According to SRC chairperson Sarah Serem, there is a lot of duplication of roles in government, which could have huge impact on the direction the economy takes.
“We need to be extremely cautious of the number of people we employ in the public sector...We noted in the job evaluation that there are jobs that have been split to several positions whereas it could be handled by one individual,” Ms Serem said.
She said the government has to exercise caution in expanding workforce unless it can show that additional workers are going to strategically contribute to the efficiency. Speaking at Standard Group headquarters when she paid a courtesy call on the group’s CEO Sam Shollei, Ms Serem said that despite efforts by SRC to come up with modest pay in government, the growth in workforce at both county and national levels is worrying.
She revealed that before mid-next month, the commission will have released the report on public sector job evaluation exercise that begun 18 months ago. This, she hopes, would help bring order to public wage bill.
“We are coming to the close of the exercise. In two weeks’ time, we promise to release the entire findings of the work we have undertaken in the last one and half years,” she said. Shollei commended the commission for the job evaluation exercise saying it will help bring stability in public service.
He said the recent signing of Collective Bargaining Agreement between teachers unions and Teachers Service Commission without industrial action was a demonstration of the first fruits of the evaluation exercise. “We believe SRC is bringing order in an area that has had disorder and disharmony. There has been major disagreements between various unions within public sector and their employment bodies,” he said.
Through the job evaluation, he said, it will be possible to bring harmony in public sector so that it creates a disciplined workforce to spur economic growth.
In what could lead to a reduction in the perks that have been synonymous with working in government, Ms Serem revealed that the evaluation will remove some of the allowances that are currently included in compensation package.
“If we have given you the value of the job, then certainly, the allowances will be eliminated,” she said adding that correction of the salary disparities should see revenue to wage bill ratio start increasing in the next three to five years.
The SRC boss hopes that since the evaluation is a product of rigorous exercise that is scientific-based as opposed to arbitrary award of salaries, each government worker’s effort will now be properly paid.
An environment with no labour unrests, she said, will attract more investors as well as help address the productivity ratios. According to her, measuring productivity will help eliminate the problem of free riders by ensuring that any occupant of public office adds value.
“Part of the recommendations we are making is establishment of effective performance management system. This should hold each individual accountable to the amount of salary they are paid,” Ms Serem said.
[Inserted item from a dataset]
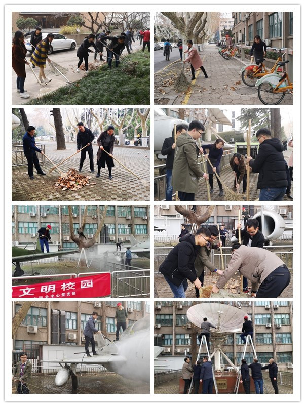 在两会召开和学雷锋日来临之际,3月5日下午,航天学院机关党支部、物业服务中心党支部、航天学院17级硕士生第一党支部联合开展了“雷锋日喜迎两会,停机坪再换新颜”支部联谊共建清扫活动。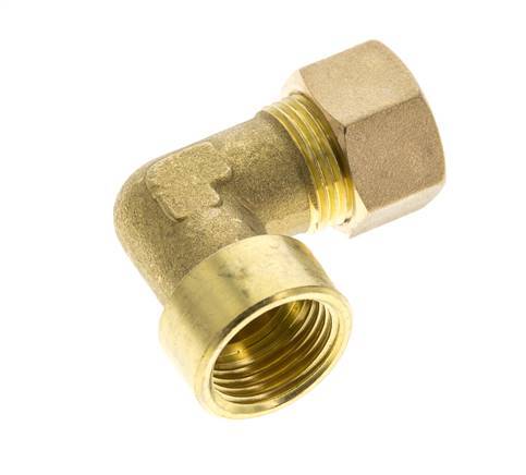 This brass elbow screw connection is designed with a female connection point to a compression ring fitting. Connection 1 has female G 1/2 inch threads. Connection 2 is a 14 mm compression ring. The input and the output are at a 90° angle. Suitable for temperatures from -60 °C to 300 °C (-76 °F to 572 °F). Max pressure of 89 bar (1291 psi). It is made in accordance with the DIN EN 1254-2.

As the public awaits what could finally help address unrests that have rocked various key sectors including health and education, recurrent expenditure continues to eat the lion’s share of exchequer releases.
According to the National Treasury update for the first two months of the current financial year (up to end August), most key state departments such as Agriculture, Devolution, Tourism and Trade were yet to get any development funds from the exchequer.
Only Sh2.64 billion had been disbursed for development in two months despite all ministries having received Sh102.3 billion (97 per cent of total exchequer releases) to cater for their recurrent expenditures.
In the current budget, 38 per cent of the budget (Sh850 billion) will be used on recurrent expenditure, operations and maintenance in the ministries and departments as well as paying salaries and wages.